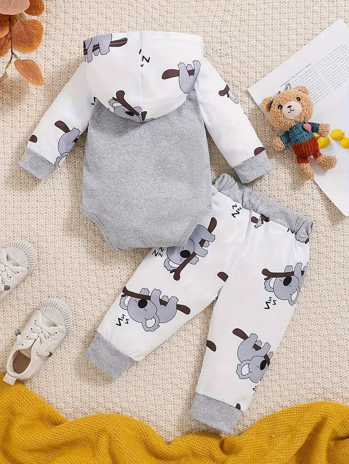 - Adorable Koala Print Hooded Romper & Pants Set for Youngsters Boys - Cozy Polyester, Machine Washable - Perfect for Fall/Winter, Perfect for Outdoor BS6140B
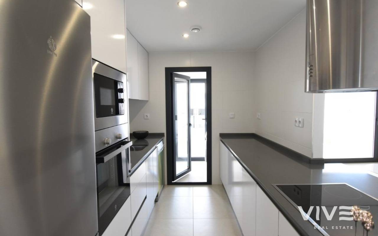 New Residential Development in San Miguel de Salinas Exclusive Apartments in a Unique Natural Environment Discover this new development in San Miguel de Salinas, an exclusive residential complex made up of 5 blocks of flats with spacious communal areas, designed to offer comfort and quality of life. This gated complex has a spectacular communal garden of almost 10,000 m², distributed over three levels and integrated with three communal swimming pools, surrounded by natural lawns and a carefully selected range of trees and plants. The homes have been designed to take advantage of natural light and unobstructed views, offering an ideal option both as a second home and for year-round living. Types of homes available In this exclusive residential complex, you can choose between: Ground floors with large private gardens. Intermediate floors with terraces of more than 20 m². Penthouses with terraces and private rooftop solarium. Currently available is Block 1, comprising 42 homes with excellent value for money. First Class Quality and Equipment All homes come fully equipped, including: Electrical appliances included in the kitchen. Fully equipped bathrooms, with furniture, screens and LED lighting system. Complete installation of ducted air conditioning. Parking space and storage room included in the price. We also have show flats in another similar project, so that you can see the quality of the finishes before delivery. Strategic Location on the Costa Blanca San Miguel de Salinas is a charming town in the Vega Baja del Segura region, just a few minutes from the best beaches and golf courses on the Costa Blanca. Surrounded by a privileged natural environment, the municipality offers a peaceful atmosphere and all essential services such as supermarkets, restaurants, health centres and schools. Distances to the Main Points of Interest Las Colinas and Campoamor Golf Courses - 7 km. Beaches of Orihuela Costa and Torrevieja - 10 km. Zenia Boulevard Shopping Centre - 9 km. Alicante Airport - 50 km. Murcia-Corvera Airport - 55 km. Your New Home Awaits in San Miguel de Salinas Whether you are looking for an investment on the Costa Blanca or a home to enjoy all year round, this development offers a perfect combination of luxury, comfort and unbeatable location. Contact us today for more information and to arrange a viewing.
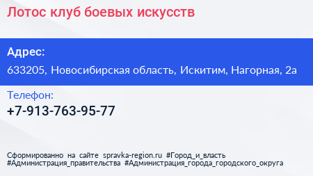 Лотос, клуб боевых искусств по адресу 633205, Новосибирская область, Искитим, Нагорная, 2а в дальнейшем Организация, размещена в следующих категориях:
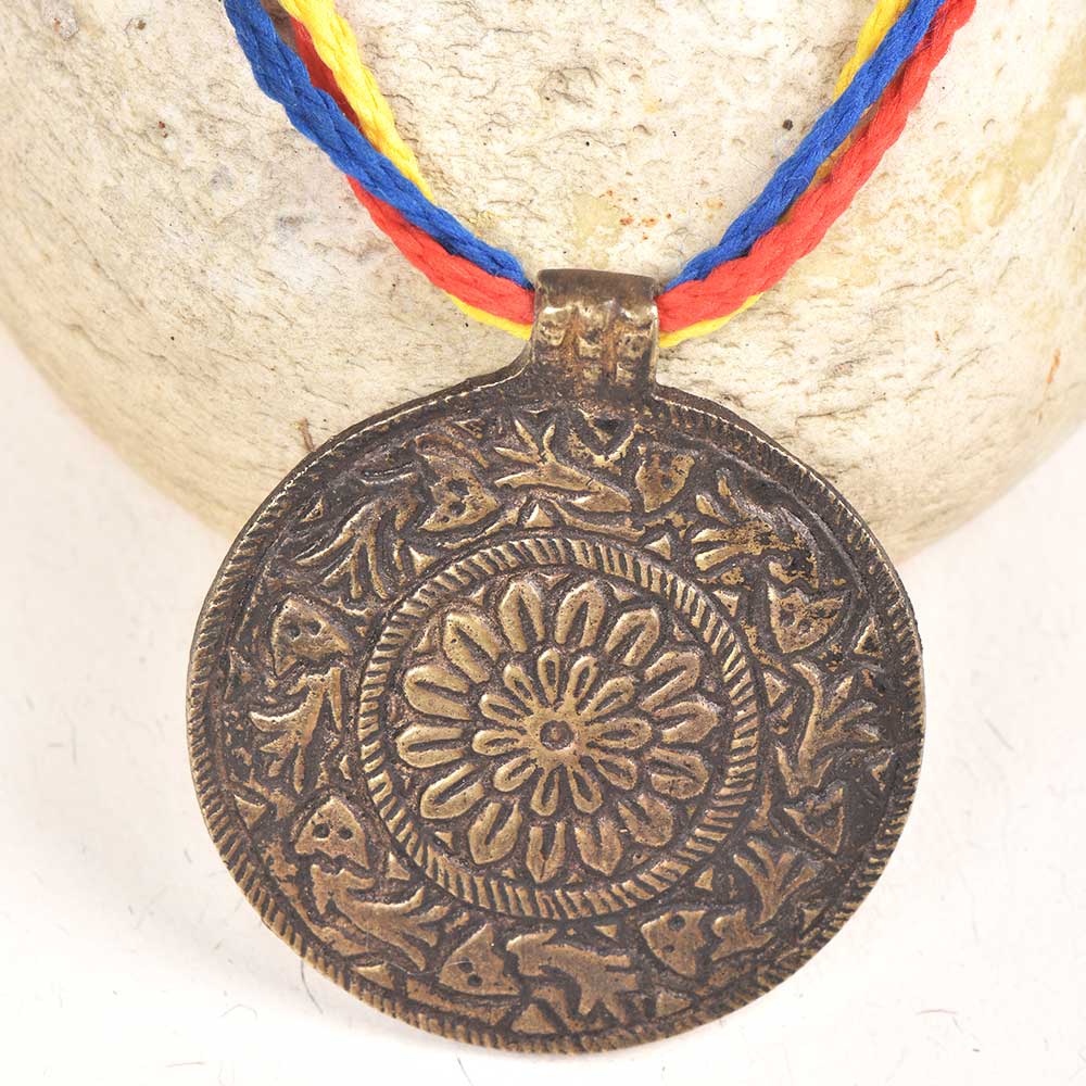 Embrace the beauty of handcrafted tradition with this Bronze Circle Pendant featuring an Etched Flower Design, a stunning fusion of artistry and symbolism. Made from solid brass and finished in warm bronze tones, this pendant showcases a delicately etched floral motif that symbolizes growth, harmony, and renewal. Its round form represents wholeness and balance, while the multicolor patina adds an earthy, artistic depth — making it a perfect accent for those who appreciate cultural and nature-inspired jewelry.
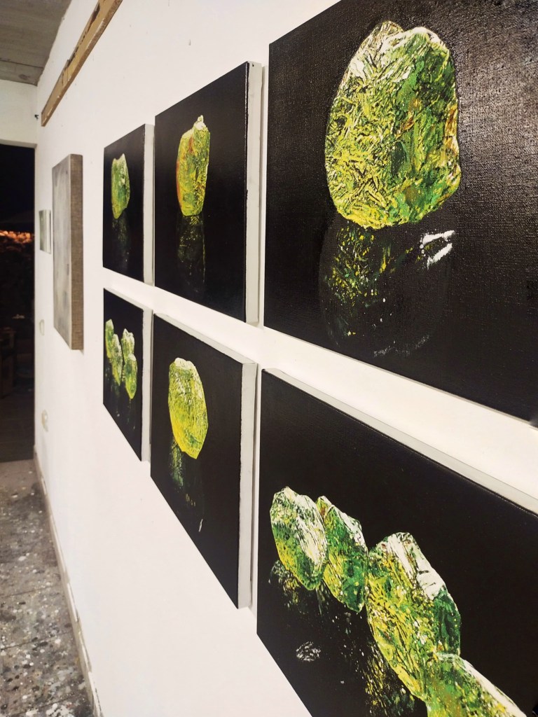 In his previous research work on Lanzarote, Quique discovered the legend of the olivine and decided to develop his project around this green stone, which appears in his works full of light, reflections and contrasts
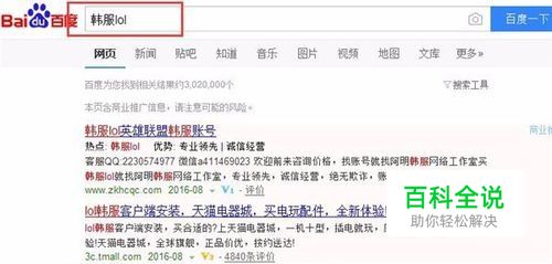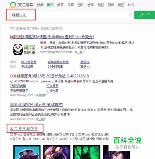 打开网页,搜索韩服lol,找到韩服官网,点击进入,搜索结果可能不一样,但是下面两张图片上的都是韩服官网,只要注意看网址就可以了
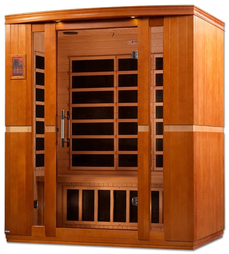 | GoldenDesigns DYN-6306-01 Dynamic "Bellagio" Low EMF Far Infrared Sauna, the Carbon Tech heating panels are engineered to produce a wider, softer heat that is evenly distributed throughout the sauna. Golden Designs Carbon Tech heating panels cover a significantly larger surface within the sauna. Dynamic Canadian Hemlock Saunas bring healthy living and longevity to the privacy of your home cost effectively. Modern technology and energy efficiency in FAR infrared carbon heating panels allow beneficial penetrating FAR infrared waves to remove body toxins, increase blood circulation, ease pain from sore muscles or aching joints, burn calories and improve skin tone among other benefits. Dynamic Low EMF FAR Infrared Saunas are constructed with the environment in mind which accounts for our efforts in using Reforested Canadian Hemlock wood. Our sauna walls are double paneled constructed with the thickest interior and exterior wood planks compared to others in the same industry. This all translates to a quality sauna that retains heat more efficiently, heats up faster and wastes less energy. Our Low EMF FAR infrared Carbon Energy Efficient heating panels are 30% larger than saunas heated by ceramic tubes and penetrate skin 40% more to maximize therapeutic benefits. Unlike ceramic heaters, you will never have to replace our Carbon Energy Efficient heating panels. Dynamic Saunas Carbon Energy Efficient panels also heat up 30% faster than saunas equipped with ceramic panels and 100% faster than rock and water steam saunas. Dynamic Saunas 3-person sauna is designed for ease of use and is an outstanding value. Enjoy the convenience of operating a Dynamic Sauna with our dual (interior and exterior) soft touch control panel and LED display featuring sauna temperature and time functions. Every Dynamic Sauna is equipped with a reduced wattage floor and lower bench heater to allow the same benefits and treatment to your legs and feet without the burning sensation of other sauna manufactures. Enjoy your sauna session with your favorite music through the sauna's built in MP3 auxiliary or Bluetooth connection with speakers. Dynamic Saunas enhances your sauna experience with Chromotherapy (color therapy) lighting system. The sauna plugs into a dedicated 20 amp 120 volt (Please consult with an electrician) and the sauna may be installed on carpet and at any indoor location including the basement, garage, master bath or walk in closet. Our sauna would be a beautiful and worthwhile addition to any fitness room. See and feel the difference today! Sauna Use: Indoor Only |
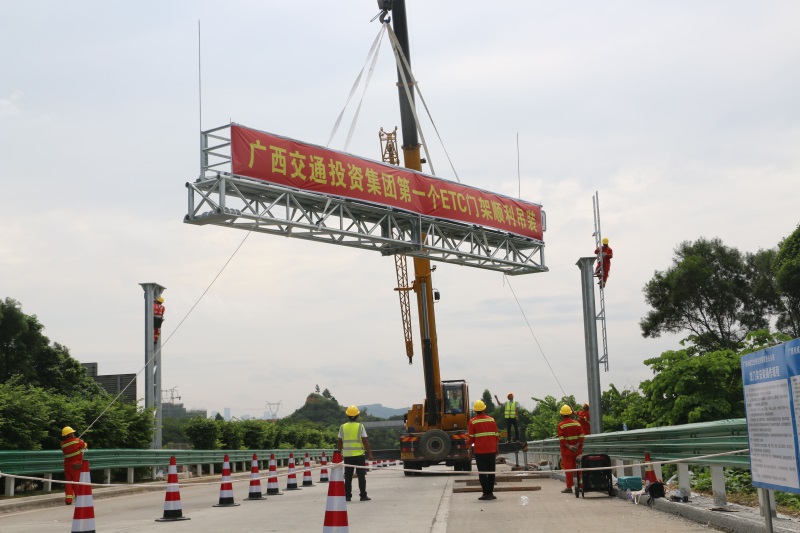 廣西交通投資集團第一個ETC門架順利吊裝

* * * * * * * * *

● **PROBLEM**
Return all records exactly as they stand above, except for pictures.

● **EXPECTED OUTPUT**
 - Adorable Koala Print Hooded Romper & Pants Set for Youngsters Boys - Cozy Polyester, Machine Washable - Perfect for Fall/Winter, Perfect for Outdoor BS6140B
 New Residential Development in San Miguel de Salinas Exclusive Apartments in a Unique Natural Environment Discover this new development in San Miguel de Salinas, an exclusive residential complex made up of 5 blocks of flats with spacious communal areas, designed to offer comfort and quality of life. This gated complex has a spectacular communal garden of almost 10,000 m², distributed over three levels and integrated with three communal swimming pools, surrounded by natural lawns and a carefully selected range of trees and plants. The homes have been designed to take advantage of natural light and unobstructed views, offering an ideal option both as a second home and for year-round living. Types of homes available In this exclusive residential complex, you can choose between: Ground floors with large private gardens. Intermediate floors with terraces of more than 20 m². Penthouses with terraces and private rooftop solarium. Currently available is Block 1, comprising 42 homes with excellent value for money. First Class Quality and Equipment All homes come fully equipped, including: Electrical appliances included in the kitchen. Fully equipped bathrooms, with furniture, screens and LED lighting system. Complete installation of ducted air conditioning. Parking space and storage room included in the price. We also have show flats in another similar project, so that you can see the quality of the finishes before delivery. Strategic Location on the Costa Blanca San Miguel de Salinas is a charming town in the Vega Baja del Segura region, just a few minutes from the best beaches and golf courses on the Costa Blanca. Surrounded by a privileged natural environment, the municipality offers a peaceful atmosphere and all essential services such as supermarkets, restaurants, health centres and schools. Distances to the Main Points of Interest Las Colinas and Campoamor Golf Courses - 7 km. Beaches of Orihuela Costa and Torrevieja - 10 km. Zenia Boulevard Shopping Centre - 9 km. Alicante Airport - 50 km. Murcia-Corvera Airport - 55 km. Your New Home Awaits in San Miguel de Salinas Whether you are looking for an investment on the Costa Blanca or a home to enjoy all year round, this development offers a perfect combination of luxury, comfort and unbeatable location. Contact us today for more information and to arrange a viewing.
 Лотос, клуб боевых искусств по адресу 633205, Новосибирская область, Искитим, Нагорная, 2а в дальнейшем Организация, размещена в следующих категориях:
 Embrace the beauty of handcrafted tradition with this Bronze Circle Pendant featuring an Etched Flower Design, a stunning fusion of artistry and symbolism. Made from solid brass and finished in warm bronze tones, this pendant showcases a delicately etched floral motif that symbolizes growth, harmony, and renewal. Its round form represents wholeness and balance, while the multicolor patina adds an earthy, artistic depth — making it a perfect accent for those who appreciate cultural and nature-inspired jewelry.
 In his previous research work on Lanzarote, Quique discovered the legend of the olivine and decided to develop his project around this green stone, which appears in his works full of light, reflections and contrasts
 打开网页,搜索韩服lol,找到韩服官网,点击进入,搜索结果可能不一样,但是下面两张图片上的都是韩服官网,只要注意看网址就可以了
 | GoldenDesigns DYN-6306-01 Dynamic "Bellagio" Low EMF Far Infrared Sauna, the Carbon Tech heating panels are engineered to produce a wider, softer heat that is evenly distributed throughout the sauna. Golden Designs Carbon Tech heating panels cover a significantly larger surface within the sauna. Dynamic Canadian Hemlock Saunas bring healthy living and longevity to the privacy of your home cost effectively. Modern technology and energy efficiency in FAR infrared carbon heating panels allow beneficial penetrating FAR infrared waves to remove body toxins, increase blood circulation, ease pain from sore muscles or aching joints, burn calories and improve skin tone among other benefits. Dynamic Low EMF FAR Infrared Saunas are constructed with the environment in mind which accounts for our efforts in using Reforested Canadian Hemlock wood. Our sauna walls are double paneled constructed with the thickest interior and exterior wood planks compared to others in the same industry. This all translates to a quality sauna that retains heat more efficiently, heats up faster and wastes less energy. Our Low EMF FAR infrared Carbon Energy Efficient heating panels are 30% larger than saunas heated by ceramic tubes and penetrate skin 40% more to maximize therapeutic benefits. Unlike ceramic heaters, you will never have to replace our Carbon Energy Efficient heating panels. Dynamic Saunas Carbon Energy Efficient panels also heat up 30% faster than saunas equipped with ceramic panels and 100% faster than rock and water steam saunas. Dynamic Saunas 3-person sauna is designed for ease of use and is an outstanding value. Enjoy the convenience of operating a Dynamic Sauna with our dual (interior and exterior) soft touch control panel and LED display featuring sauna temperature and time functions. Every Dynamic Sauna is equipped with a reduced wattage floor and lower bench heater to allow the same benefits and treatment to your legs and feet without the burning sensation of other sauna manufactures. Enjoy your sauna session with your favorite music through the sauna's built in MP3 auxiliary or Bluetooth connection with speakers. Dynamic Saunas enhances your sauna experience with Chromotherapy (color therapy) lighting system. The sauna plugs into a dedicated 20 amp 120 volt (Please consult with an electrician) and the sauna may be installed on carpet and at any indoor location including the basement, garage, master bath or walk in closet. Our sauna would be a beautiful and worthwhile addition to any fitness room. See and feel the difference today! Sauna Use: Indoor Only |
 廣西交通投資集團第一個ETC門架順利吊裝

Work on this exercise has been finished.